Task directions: The lines you need are those holding the word "video"; pull them from the material.

Data:
----------
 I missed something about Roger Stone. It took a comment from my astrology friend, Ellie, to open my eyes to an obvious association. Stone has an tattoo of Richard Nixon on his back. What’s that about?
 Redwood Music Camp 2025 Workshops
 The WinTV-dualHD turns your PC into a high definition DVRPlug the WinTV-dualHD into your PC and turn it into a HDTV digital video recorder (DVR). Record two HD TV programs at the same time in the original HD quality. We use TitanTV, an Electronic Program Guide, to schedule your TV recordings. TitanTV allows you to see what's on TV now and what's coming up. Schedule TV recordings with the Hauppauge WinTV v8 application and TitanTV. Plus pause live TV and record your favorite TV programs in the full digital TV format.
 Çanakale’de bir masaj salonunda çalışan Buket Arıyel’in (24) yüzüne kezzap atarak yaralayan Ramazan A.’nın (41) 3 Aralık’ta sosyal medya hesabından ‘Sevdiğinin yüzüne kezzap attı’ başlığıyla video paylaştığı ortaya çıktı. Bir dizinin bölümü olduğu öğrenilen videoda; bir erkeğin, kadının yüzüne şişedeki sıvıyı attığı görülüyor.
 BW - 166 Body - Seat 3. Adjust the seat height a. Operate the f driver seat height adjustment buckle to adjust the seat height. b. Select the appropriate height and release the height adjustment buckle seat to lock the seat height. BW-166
----------
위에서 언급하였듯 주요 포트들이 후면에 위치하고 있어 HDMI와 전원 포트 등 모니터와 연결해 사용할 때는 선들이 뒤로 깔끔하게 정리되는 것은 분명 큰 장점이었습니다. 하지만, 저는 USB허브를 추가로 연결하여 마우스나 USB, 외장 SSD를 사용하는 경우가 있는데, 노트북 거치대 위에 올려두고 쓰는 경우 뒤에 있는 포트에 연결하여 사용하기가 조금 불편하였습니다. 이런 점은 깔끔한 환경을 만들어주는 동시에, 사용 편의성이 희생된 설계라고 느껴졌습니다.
----------
Reply to the task:
 The WinTV-dualHD turns your PC into a high definition DVRPlug the WinTV-dualHD into your PC and turn it into a HDTV digital video recorder (DVR). Record two HD TV programs at the same time in the original HD quality. We use TitanTV, an Electronic Program Guide, to schedule your TV recordings. TitanTV allows you to see what's on TV now and what's coming up. Schedule TV recordings with the Hauppauge WinTV v8 application and TitanTV. Plus pause live TV and record your favorite TV programs in the full digital TV format.
 Çanakale’de bir masaj salonunda çalışan Buket Arıyel’in (24) yüzüne kezzap atarak yaralayan Ramazan A.’nın (41) 3 Aralık’ta sosyal medya hesabından ‘Sevdiğinin yüzüne kezzap attı’ başlığıyla video paylaştığı ortaya çıktı. Bir dizinin bölümü olduğu öğrenilen videoda; bir erkeğin, kadının yüzüne şişedeki sıvıyı attığı görülüyor.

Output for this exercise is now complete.